張岱等人也配合著策馬入前,接受州學群徒的注視。而這些州學的生徒們也都如他們所願的,各自面露豔羨和崇敬之色的打量著眾人。
且不說他們這些新進士們的政治地位高低,在士林當中這身份那就是一個了不起的成就,天下苦心求學的讀書人那麼多,每年進士及第不過寥寥幾十人而已。
尤其今年因為人事波折使得及第難度更高,這十三人就更成了生徒們所仰慕的物件!
「這一位便是張別駕的愛子,春榜狀頭。玉骨郎君張宗之!當真風采無雙。讓人心折!」
「王昌齡。王少伯!但使龍城飛將在,不教胡馬度陰山!」
「李十六,十八羽林郎,戎衣侍漢王!」
各種呼喊聲不絕於耳,使得這州學成為一個活脫脫網紅線下活動現場,州學生徒們的激動心情都溢於言表,就連那些博士教授們也都忍不住湊上前來觀望。

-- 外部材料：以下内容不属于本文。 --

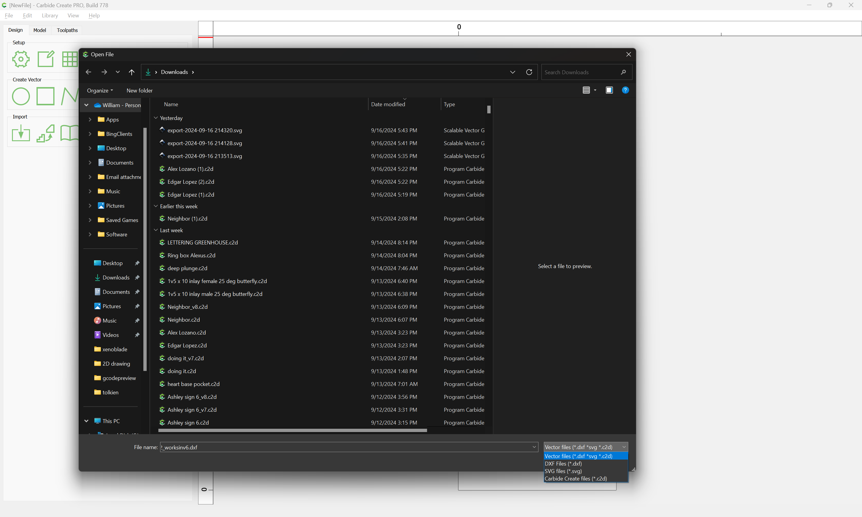 When I search for files, all I get is nothing… It also preloads a file “Shuman’s cutting board” which is a project from a year ago. It does it over and over and over. And I can not find the file I am trying to import. Actually, I can’t even find file I Imported before I downloaded the “pro” account.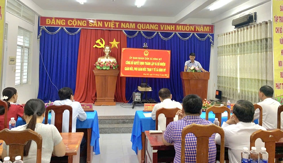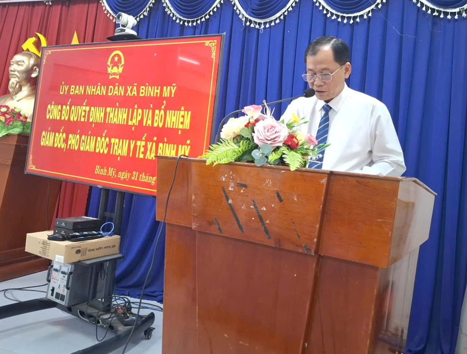 Tại buổi lễ, Trưởng Phòng Văn hóa – Xã hội xã Bình Mỹ đã công bố các quyết định của UBND xã về thành lập Trạm Y tế xã Bình Mỹ và bổ nhiệm Ban Giám đốc Trạm Y tế xã. Lãnh đạo UBND xã đã trao quyết định và tặng hoa chúc mừng các đồng chí được bổ nhiệm, thể hiện sự tin tưởng, ghi nhận quá trình công tác, cống hiến của các đồng chí trong thời gian qua.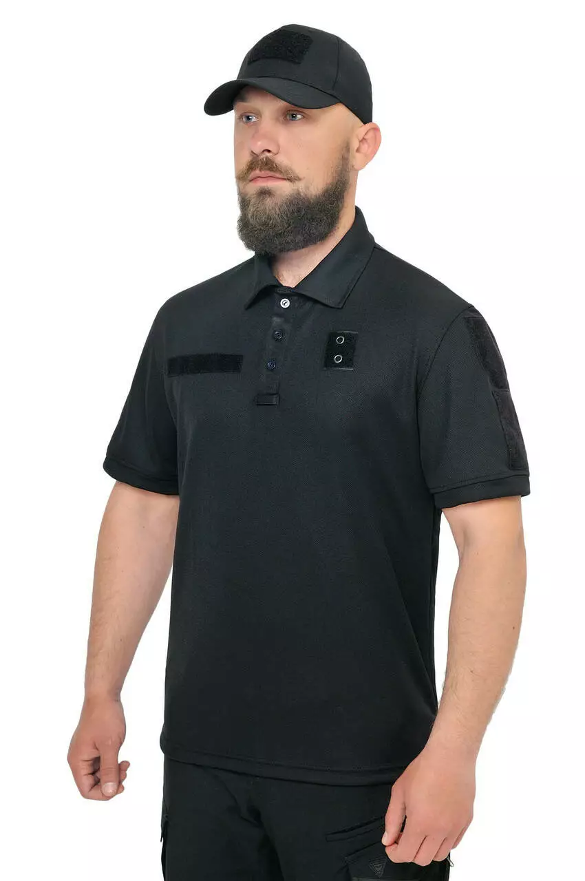 Футболка поло чорна з короткими рукавами - легка, дихаюча і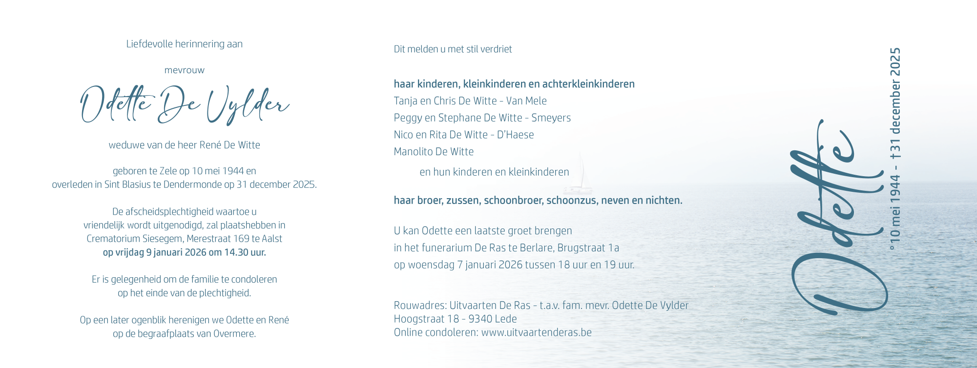 Décédée à Dendermonde (9200) le mercredi 31 décembre 2025 à l'âge de 81 ans

一行人就這麼在眾人的簇擁下進入州學,一直來到供奉先師畫像的廳堂外,然後便鋪席坐定,開始探討起文藝來。
在這樣的場合下,張家父子便是絕對的中心人物。盛唐文學雖然百花齊放。各有成就,但是單就官方所承認的文學領域而言,執政多年且領導盛唐文學許久的張說一脈是無可爭議的主流。
這一情況並不因張說的失勢而有所改變,甚至如果不是因為安史之亂爆發,張均。張垍兄弟從賊,他們這一系文脈哪怕沿襲到中唐都不會輕易斷絕。甚至於燒烤大師房琯之流,也都在此傳承之中。
張岱在家中的血脈地位或許還有一些爭議,可是隨著他科舉狀元及第之後,也已經可以看做是張說之下的文學成就嫡正傳人了,除非他的兄弟們在文學上能夠取得比他更高的成就,但這難度之高不啻於登天。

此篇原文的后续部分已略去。